Archive | septiembre 2007

DIALOGOS (4)

-Al final todos quieren tener el pico más grande.
-Lo dices lo lo de Lola, Blanca Lewin gritando a todo pulmón piiiii… coooo… en el 13.
-No, lo digo porque lo digo no más. Uno puede tener toda la plata del mundo, toda la felicidad, el talento o la inteligencia del mundo y no es nada si no tiene el pico más grande del mundo. Por eso Luthor odia tanto a Superman, no porque sea poderoso o vuele, sino porque tiene la tincada de que Super tiene el pico más grande y poderoso del mundo.
-Que gay
-Huevón
-Lo que sea, pero aún no te entiendo.
-Es que ayer pasé por fuera del Costanera Center, donde este señor Paulmman va a levantar un rascacielos de 300 metros. ¿Y sabes por qué?
-Porque tiene plata para hacerlo..
-Exacto, pero además porque en frente, otro millonario anunció con demasiada antelación que iba a construir el rascacielos mas alto de Santiago. Y como en cuestiones de ego lo que importa es el tamaño del pico, se cagó a su competencia y decidio levantar el falo más alto no sólo de Santiago, sino de Sudamérica. Al menos hasta que Piñera, u otro de nuestros Luthor locales, vean que la huevadita tiene su gracia y decida alcanazar los 350 metros. Es como Nueva York en los años 30, cuando los dueños del Bank of Manhattan competían con los del Chrysler por tener el edificio más alto del mundo. Los del Chrusler construyeron una aguja en secreto y finalmente ganaron. Pero la gloria fue corta, a los días se enteraron que a unas pocas cuadras alguien iba a construir una torre todavía más alta: el Empìre State Building. Picos parados, egos felices, así es la vida, como decían en el Reader´s Digest. Te apuesto a que el Santiago del futuro va a ser como un pequeño Dubai, todos van a querer su torre perfecta. Y lo peor es que hay plata para hacerlo. Apenas Paulmman inaugure su Torre Costanera, otro va a anunciar un edificio aún más alto por ahí cerca y así directos a un porvenir de acero, fierros y cristal. Muy cyberpunk.
-Igual choro vivir en una ciudad con rascacielos.
-Sólo hasta que la tierra vuelva a abrirse y nos recuerde que vivimos en un país sísmico.
-Putah que andas fatalista.
-Como Marlen Olivari
-Nuestra Anna Nicole Smith
-La dura
-Una morena, la otra rubia, ambas casadas con hombres viejos y patéticos.

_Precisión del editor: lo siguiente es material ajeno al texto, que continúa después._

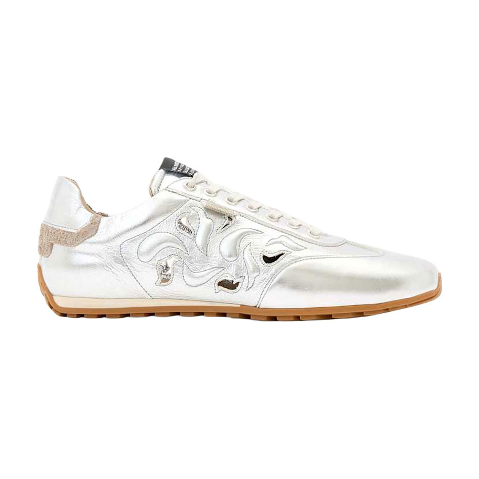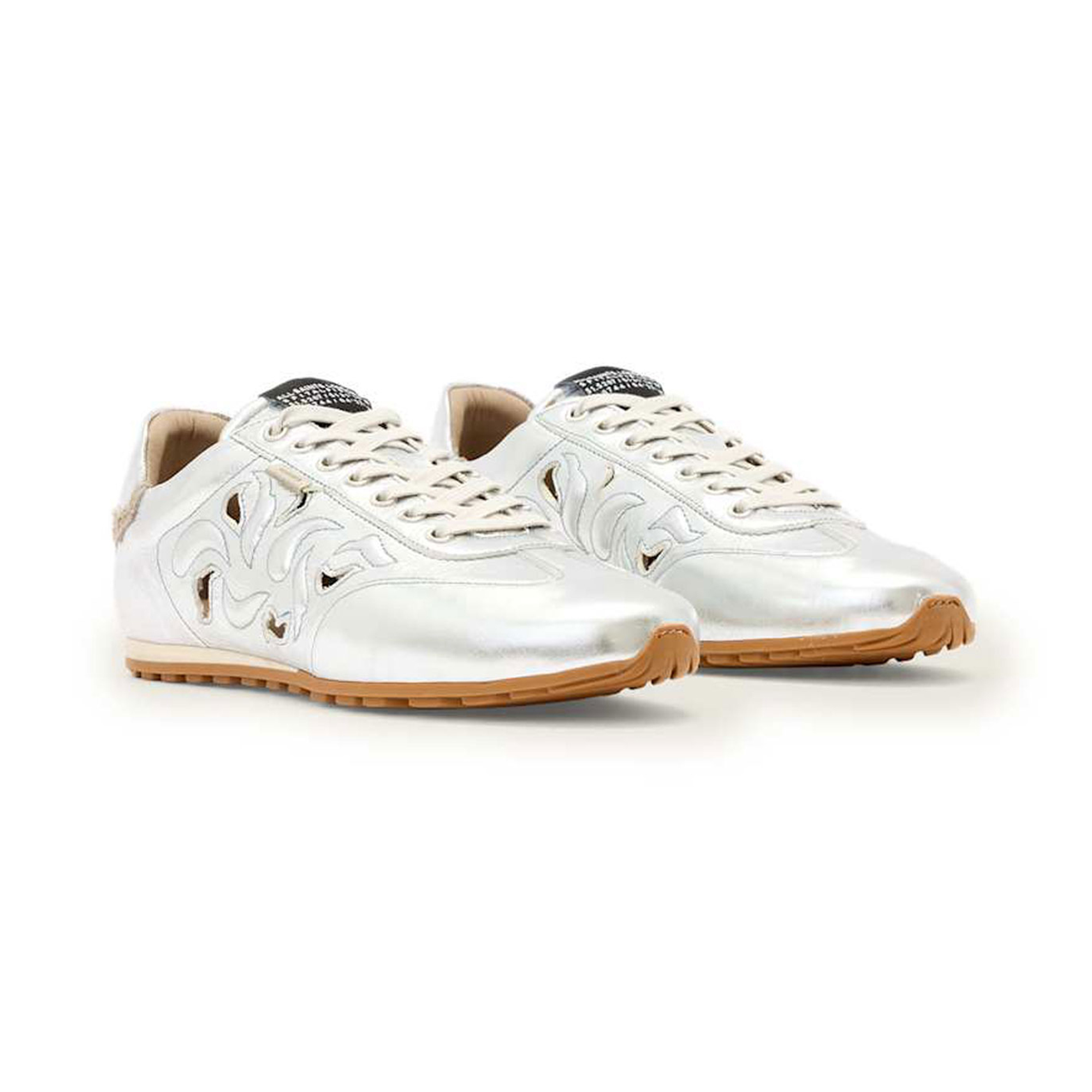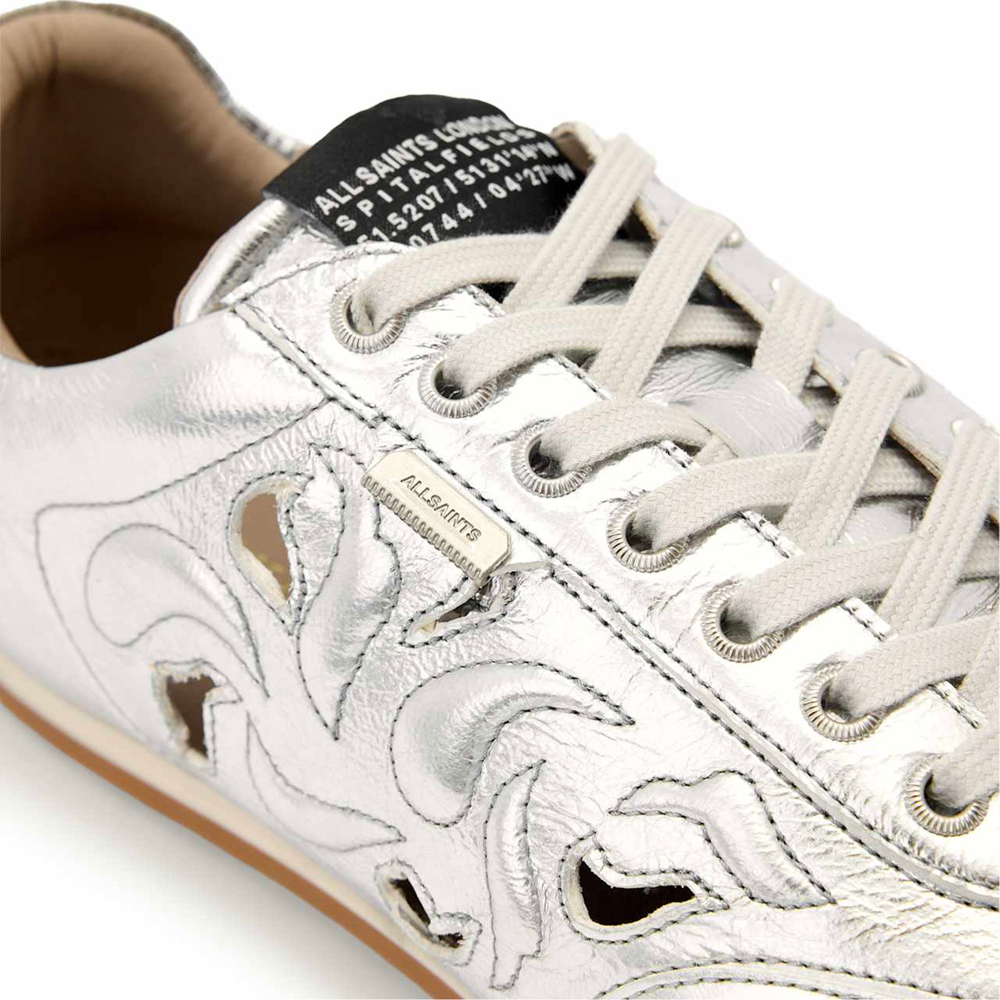 • Metallic finish, lace-up front

-El de Anna era multimillonario
-Bueno… pero en fin, ambas obsesionadas con el tamaño de sus tetas, ambas estrellas de corta vida, obsesionadas con la fama que se arranca de sus manos,. Las dos con dependencia a drogas legales y de las otras, cada una condenada de por vida por no ser más que una muñeca…
-Anna se suicidó.
-Buehh…Digamos que prefiero no agregar nada al respecto. El que tenga oídos que escuche.
-…
-…
-¿Que hiciste para el 18?
-Nada, me encerré en mi casa, vi películas y me di la lata de seguir la parada militar.
-¿Por qué?
-Ni idea, de lateado no más. Es raro que nuestro ejército sea tan prusiano. El casco que usan es igual al Nazi, me da un poco de miedo.
-¿Un poco? A mi me da harto miedo.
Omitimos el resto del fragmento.